MR GODWIN: Thank you, your Honours. The issue that arises in this matter is whether, following this Court’s decision in NAGV, section 36(3) of the Migration Act should be allowed to deem persons not to be refugees who in fact are refugees, that not being the intention expressed in the extrinsic materials that accompanied the passage of the legislation. The relevant portion of the extrinsic materials appears at application book page 71 at about line 45 where Senator Patterson’s tabling speech is extracted by the court below and where Senator Patterson stated domestic case law ‑ ‑ ‑
GUMMOW J: Just before you get any further, what was the basis on which Federal Magistrate Emmett decided this case?
MR GODWIN: That the first ground upon which the Tribunal decided against my clients, that there was no Convention nexus for the harm they feared, disposed of the matter and that there was no need for the Tribunal to have made the subsequent two findings.
GUMMOW J: She was fixing upon what the Tribunal was saying at page 25, was she not, of the application book, about line 20, “Overall, the Tribunal is satisfied that . . . extortion, based on the applicant’s wealth”, et cetera.
MR GODWIN: Yes, your Honour. But the way this matter was argued below and the way the judge below accepted the submissions from my clients was that the following paragraph at about line 33, which commenced, “If the Tribunal is wrong about this”, expressed sufficient doubt by the Tribunal about its findings as to Convention nexus ‑ ‑ ‑
HEYDON J: No, I do not think so. That just means “I decided on one point, but let me assume that is not so, he has another point”. It is not casting doubt, as you say, or indicating any security about the first point.
GUMMOW J: You can escape this because your opponent indicates that page 111, paragraph 27 foreshadows a notice of contention which would put this on the table. So we have to look at it now, working out whether this is an appropriate case to test this point about the Nepal‑India treaty.
MR GODWIN: Yes, your Honour. I suppose these submissions are, firstly, if you look at the words the Tribunal has used, it has used a phrase which has become a well‑known phrase in refugee law, concerning the “what if I’m wrong” test. Although I understand that that is not written in law and does not mean that it cannot have had a different meaning when it used the phrase, there is certainly a strong argument that it would have known what the words “if I’m wrong about this” implied in terms of refugee law.
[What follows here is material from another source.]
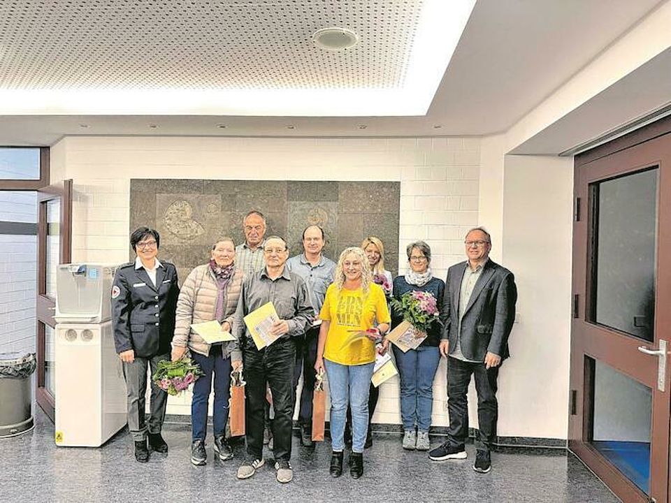 Hattenhofen. Wer oft Blut spendet, wird geehrt. Dies geschieht in diesen Wochen in allen Gemeinden – in Hattenhofen waren es jetzt außergewöhnlich viele. Ein paar hundert Spenden, so Bürgermeister Jochen Reutter, haben allein die sieben gespendet, die zur Ehrung in öffentlicher Gemeinderatssitzung gekommen sind. An der Spitze Martin Oppolzer mit sage und schreibe 125 Blutspenden, gefolgt von Sybille Hagmann mit 75, Rainer Haller mit 50, Martina Greiner und Tamara Hamann mit je 25. Zehn Mal gespendet haben Bianca Illner und Günter Seyfang. Und es gibt noch weitere Spender, die ihre Ehrung auf anderem Weg bekommen. Bürgermeister Reutter nutzte die Gelegenheit, zu den Blutspendeterminen in Hattenhofen aufzurufen, von denen einer traditionell am zweiten Weihnachtsfeiertag angeboten wird. Und beliebt ist: an die 220 Blutspenden kamen in den Vorjahren zustande. Er lobt: Uneigennützig und ohne zu fragen, spendeten die Geehrten und andere Blut, „Sie spenden für Menschen, die Sie nicht kennen“. Bettina Steinbacher vom DRK-Ortsverband schloss sich den Dankesworten an und überreichte die Ehrungen.

The other argument is the other answer that the court below accepted, which was that in any event there is an error in the first ground used by the Tribunal to reject my client’s claim in that it has identified a social group of wealthy Nepalis and then failed to make an express finding as to whether or not my clients were fearing persecution because of a member of that social group. If the court were to accept that construction of the Tribunal’s reasons, then the other issues would still need to be resolved as well because they are the bases on which the Tribunal’s decision could be supported if there is that jurisdictional error in the first ground. I do not think I can take that issue much further other than to say that we would submit this ‑ ‑ ‑
GUMMOW J: What do you want to say about your other points?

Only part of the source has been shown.